▶ [Excerpted records]:
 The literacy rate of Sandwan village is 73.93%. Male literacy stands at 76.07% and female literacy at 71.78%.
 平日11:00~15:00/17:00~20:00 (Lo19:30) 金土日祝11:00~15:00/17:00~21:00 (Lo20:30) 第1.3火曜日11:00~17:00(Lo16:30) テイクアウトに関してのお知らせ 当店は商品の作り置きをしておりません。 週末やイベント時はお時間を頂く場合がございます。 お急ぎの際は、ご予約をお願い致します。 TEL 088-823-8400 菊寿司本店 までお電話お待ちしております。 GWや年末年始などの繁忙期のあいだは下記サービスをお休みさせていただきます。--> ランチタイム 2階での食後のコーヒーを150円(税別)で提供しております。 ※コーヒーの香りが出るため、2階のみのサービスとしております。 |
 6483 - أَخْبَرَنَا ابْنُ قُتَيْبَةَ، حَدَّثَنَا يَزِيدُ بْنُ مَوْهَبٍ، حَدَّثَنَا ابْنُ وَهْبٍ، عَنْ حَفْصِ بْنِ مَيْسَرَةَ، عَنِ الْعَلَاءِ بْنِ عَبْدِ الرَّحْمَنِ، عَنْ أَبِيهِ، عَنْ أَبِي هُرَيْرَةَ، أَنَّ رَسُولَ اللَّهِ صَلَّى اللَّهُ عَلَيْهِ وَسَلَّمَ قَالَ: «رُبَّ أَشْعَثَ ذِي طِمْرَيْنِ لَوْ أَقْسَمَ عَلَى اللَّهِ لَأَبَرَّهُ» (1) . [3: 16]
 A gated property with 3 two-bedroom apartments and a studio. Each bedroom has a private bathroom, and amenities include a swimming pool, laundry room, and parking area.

--

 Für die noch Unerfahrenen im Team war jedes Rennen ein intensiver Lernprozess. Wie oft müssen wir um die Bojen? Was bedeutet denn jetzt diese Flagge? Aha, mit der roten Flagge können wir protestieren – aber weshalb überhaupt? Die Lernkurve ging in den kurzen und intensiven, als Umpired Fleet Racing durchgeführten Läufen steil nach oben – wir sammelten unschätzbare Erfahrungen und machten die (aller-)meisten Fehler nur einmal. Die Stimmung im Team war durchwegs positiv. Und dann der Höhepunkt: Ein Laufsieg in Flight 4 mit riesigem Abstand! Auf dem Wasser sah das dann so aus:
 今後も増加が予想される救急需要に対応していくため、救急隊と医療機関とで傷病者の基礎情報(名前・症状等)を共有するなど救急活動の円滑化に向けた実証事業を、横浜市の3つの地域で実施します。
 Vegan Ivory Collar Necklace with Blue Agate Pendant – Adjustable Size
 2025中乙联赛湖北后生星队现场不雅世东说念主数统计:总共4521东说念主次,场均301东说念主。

==

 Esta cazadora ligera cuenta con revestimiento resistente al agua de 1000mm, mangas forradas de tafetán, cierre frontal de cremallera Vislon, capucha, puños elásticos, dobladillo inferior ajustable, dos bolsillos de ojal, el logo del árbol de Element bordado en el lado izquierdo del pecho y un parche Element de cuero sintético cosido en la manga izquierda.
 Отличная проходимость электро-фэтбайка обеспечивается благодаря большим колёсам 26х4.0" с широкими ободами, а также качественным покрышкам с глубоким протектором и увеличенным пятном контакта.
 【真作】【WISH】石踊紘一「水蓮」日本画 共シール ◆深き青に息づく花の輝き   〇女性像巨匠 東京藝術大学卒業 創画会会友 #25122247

▶ [To do]: Reproduce word for word the material above, starting with the line that has "6483 - أَخْبَرَنَا" and stopping after the line that has "A gated property".

▶ [Answer section]:
 6483 - أَخْبَرَنَا ابْنُ قُتَيْبَةَ، حَدَّثَنَا يَزِيدُ بْنُ مَوْهَبٍ، حَدَّثَنَا ابْنُ وَهْبٍ، عَنْ حَفْصِ بْنِ مَيْسَرَةَ، عَنِ الْعَلَاءِ بْنِ عَبْدِ الرَّحْمَنِ، عَنْ أَبِيهِ، عَنْ أَبِي هُرَيْرَةَ، أَنَّ رَسُولَ اللَّهِ صَلَّى اللَّهُ عَلَيْهِ وَسَلَّمَ قَالَ: «رُبَّ أَشْعَثَ ذِي طِمْرَيْنِ لَوْ أَقْسَمَ عَلَى اللَّهِ لَأَبَرَّهُ» (1) . [3: 16]
 A gated property with 3 two-bedroom apartments and a studio. Each bedroom has a private bathroom, and amenities include a swimming pool, laundry room, and parking area.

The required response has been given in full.